# what the ht"F"u does HTFU mean?



## Steady Grind (Mar 7, 2009)

I've seen this in several threads and can't figure it out. Figured this was the appropriate forum for this question. Remember, there truly is such thing as a stupid question.

So, what does "HTFU" mean?


----------



## old_fuji (Mar 16, 2009)

harden the fxck up

HTH


----------



## mohair_chair (Oct 3, 2002)

Steady Grind said:


> Remember, there truly is such thing as a stupid question.


This is absolutely not true. I've heard a lot of stupid questions in my life.


----------



## Steady Grind (Mar 7, 2009)

mohair_chair said:


> This is absolutely not true. I've heard a lot of stupid questions in my life.

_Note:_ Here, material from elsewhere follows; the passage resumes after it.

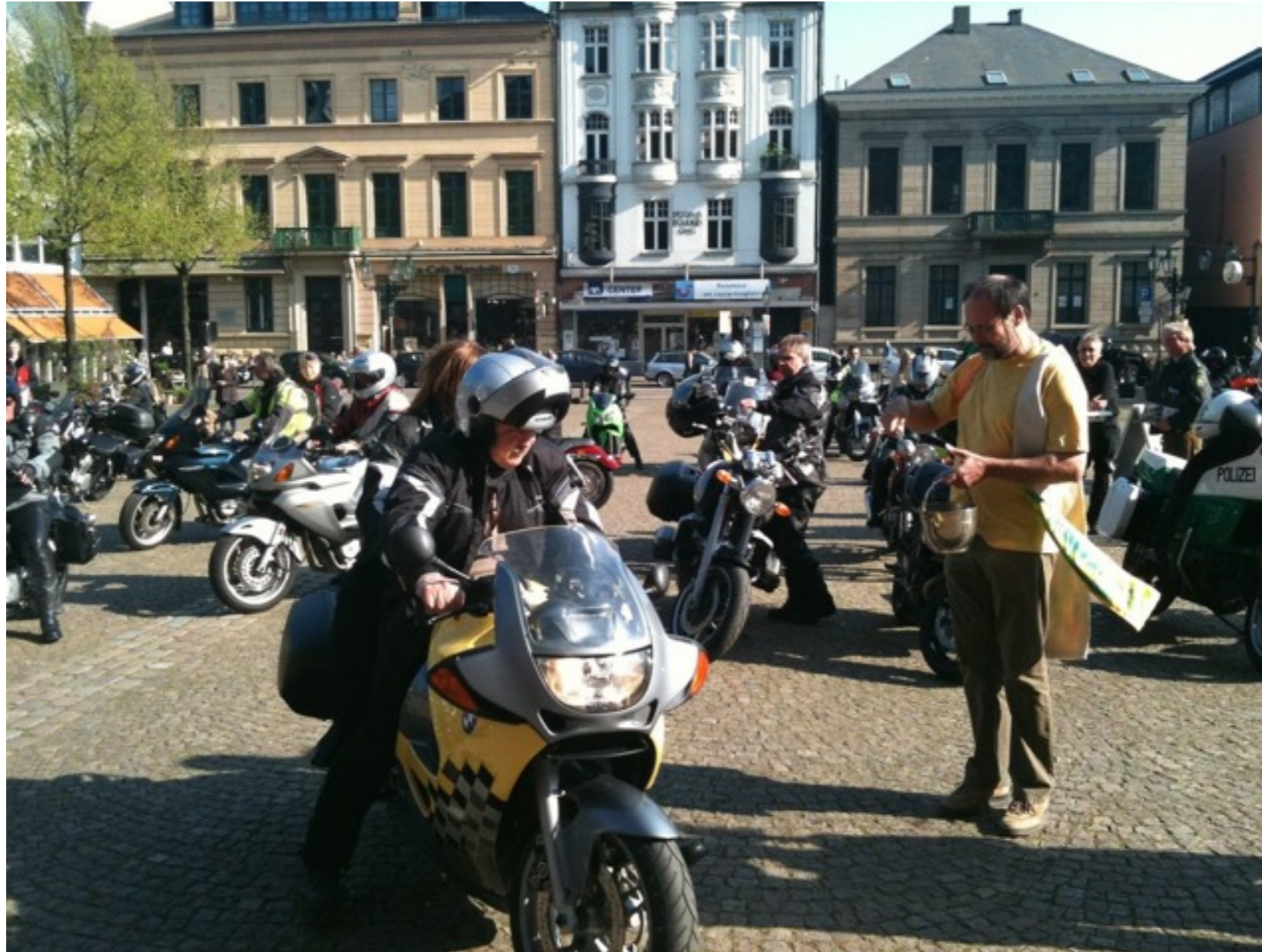
Die Wuppertaler Motorradsegnung im Frühjahr

Maybe you should read my original post again...a little closer.


----------



## Bocephus Jones II (Oct 7, 2004)

Ftw!!


----------



## mohair_chair (Oct 3, 2002)

Steady Grind said:


> Maybe you should read my original post again...a little closer.


Oh yeah? Maybe you should HTFU!


----------



## Steady Grind (Mar 7, 2009)

mohair_chair said:


> Oh yeah? Maybe you should HTFU!


attitude? sorry if I hurt your feelings.


----------



## Peanya (Jun 12, 2008)

Steady Grind said:


> attitude? sorry if I hurt your feelings.


He was just playing, FWIW.


----------



## Bocephus Jones II (Oct 7, 2004)

Peanya said:


> He was just playing, FWIW.


That's what she said.


----------



## MikeBiker (Mar 9, 2003)

mohair_chair said:


> This is absolutely not true. I've heard a lot of stupid questions in my life.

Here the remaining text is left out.